Town in Osun State, Nigeria

Ijebu-Jesa, also spelled Ijebu-Ijesa and historically known as Ijebu-Ere, is a town in Osun State, Nigeria. It is the headquarters of Oriade Local Government Area, which recorded a population of 148,379 at the 2006 census. The town lies in Ijesaland, in the rainforest belt of eastern Osun State, about 8 km north of Ilesa and 128 km east of Ibadan. Its traditional ruler holds the title of Elegboro.

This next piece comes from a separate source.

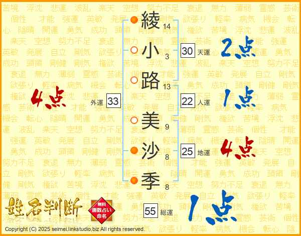 綾(14画)小(3画)路(13画) 美(9画)沙(8画)季(8画)

Ijebu-Jesa traces its founding to Agigiri, held in local tradition to be the senior brother of the Owa Obokun of Ilesa. Ibadan sacked the town in the mid-19th century during its wars in Ijesaland. The Elegboro stool was filled in 2017 after a disputed succession. The town has a grammar school founded in 1955 and a private polytechnic.

==History==
Ijebu-Jesa's traditions stress its relative independence from neighbouring Ilesa. The town's founder is named Agigiri, and its origin story holds that he was the senior brother of the Owa Obokun, the ruler of Ilesa. In the town's own account, two brothers fetched sea water that cured their father's blindness and then left Ile-Ife to establish their own settlements; Agigiri settled beneath a large shade tree, naming the place Egboro, which later became Ijebu and, as it lay within Ijesaland, Ijebu-Jesa.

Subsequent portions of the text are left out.